Hello! I want to build website in connection with IT,but I dont know what kind of website maybe for gaming,IT news or I dont know.Thats why Iam here to ask you waht would be this site,because I want to make this site with future and popular.I know that I need to think of idea on my own,but Im aou of ideas now.Before I made several websites that havent got any people.My last idea was gaming news website and kibersoprt website,but that websites already was so as I said thats why Im here to ask you original idea of website.Maybe some of you may be mad because I need to know but still I want to ask.


----------



## RCoon (Mar 23, 2015)

What are your web programming skills like? If they are non-existant, probably better off making a facebook page or something.


----------



## Hafxx3 (Mar 23, 2015)

RCoon said:


> What are your web programming skills like? If they are non-existant, probably better off making a facebook page or something.

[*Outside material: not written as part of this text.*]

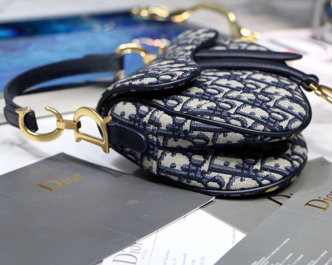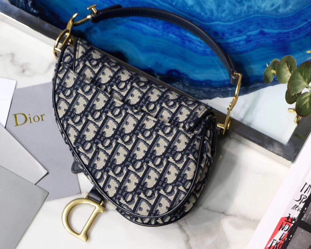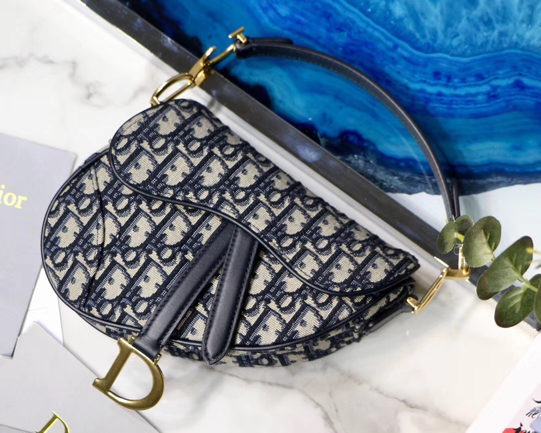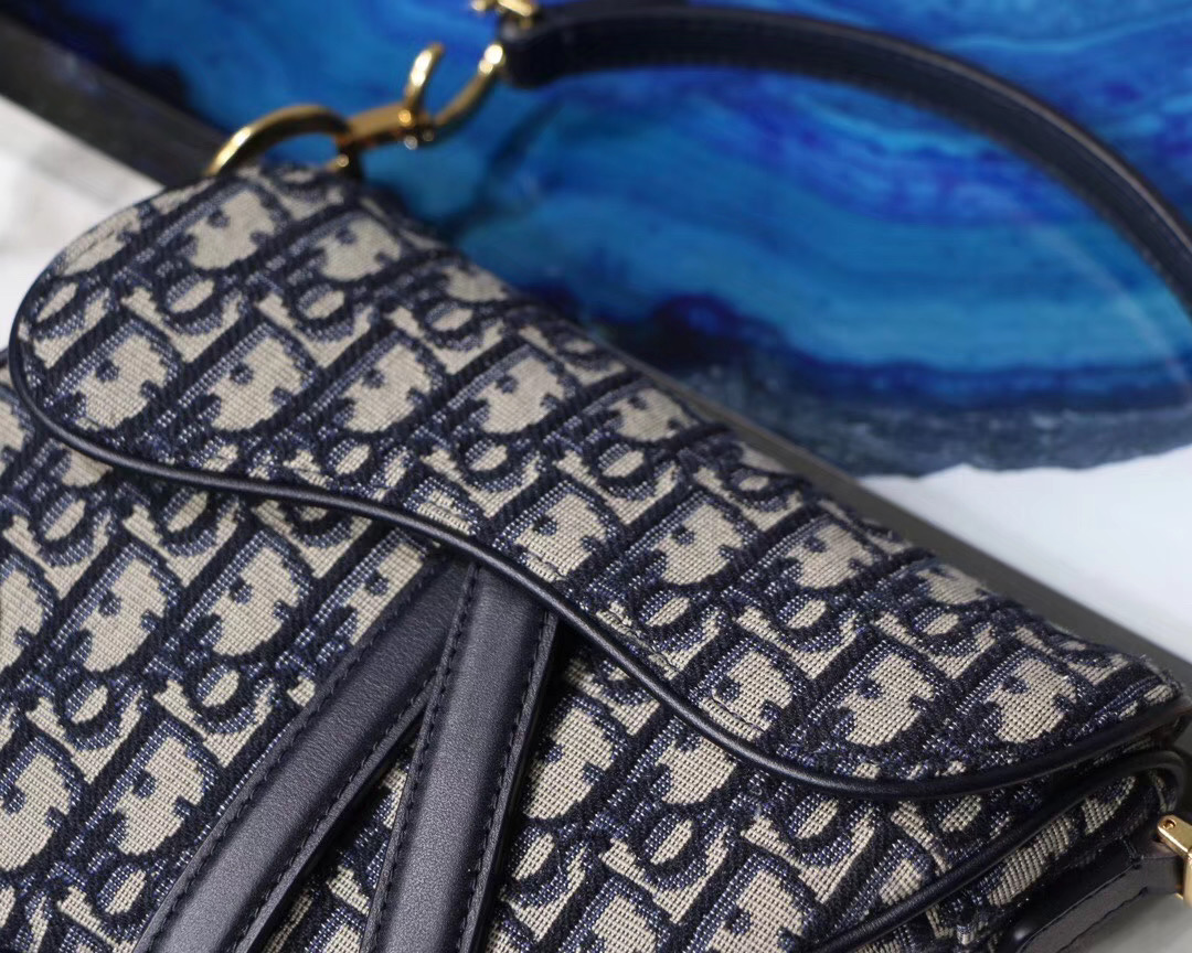 Maria Grazia Chiuri brings a fresh update to the iconic Saddle bag. The heritage design showcases the emblematic ‘D’-stirrup magnetic clasp and Saddle flap with the signature ‘CD’ structure on both sides of the handle. The fully embroidered blue Dior Oblique jacquard features antique gold-finish metal hardware and the ‘Christian Dior’ signature on the front. The modern silhouette may be customized with alternative straps.

I have one programmer,he is working for me


----------



## jgood (May 6, 2015)

Maybe set up a blog for free and try out *one *of your ideas. If you use Wordpress you don't need any expertise at all to get a site up and running and it won't cost you anything at first. Whatever topic you choose, I think the key to getting traffic and interest is providing great content -- and lots of it. Once you've figured out what interests you, then go look for Wordpress hosting, I used these guys before because they're really cheap, and try to go professional with it. That's how I started my website. But there's no secret formula. I think it's just about being commmited to providing content on a daily basis.


----------



## remixedcat (May 8, 2015)

If anyone wants hosting PM ME PLEASE!!!! I got a dedicated SSD server!!!


----------



## Aquinus (May 8, 2015)

Google Compute Cloud has a trial that lets you spin up a few VMs for free for a little while. I did the math on a 1c (we're talking Xeons and servers that aren't over provisioned) cloud server with a generous amount of storage on Google's persistent disk SAN and it would only be ~14-15 USD after the trial ends. Personally, given how Google is giving out free trials, I would just give it a try and figure out for yourself if it's worth it. I would make sure you know what you want to do first and build it up because you'll just waste the trial if you make it and design your thing while it ticks away. If you have a good idea that will work, then develop it first and talk hosting later. If you have something, ads can get you the revenue to stay in operation, given you have a sustainable business model. ...and yes, running a website (like TPU if in the long run, a site with such status as, is your dream,) is a business, not bulls**t. I just needed to get that out.


----------



## erocker (May 8, 2015)

Maybe do something you're passionate about instead of throwing together something with information you don't seem to know anything about. In the end, the content will be much better since you know and care about what you're doing. You're not going to get "people" from going around tech forums. That's why we're here already. Just some advice, take it for what you will.


----------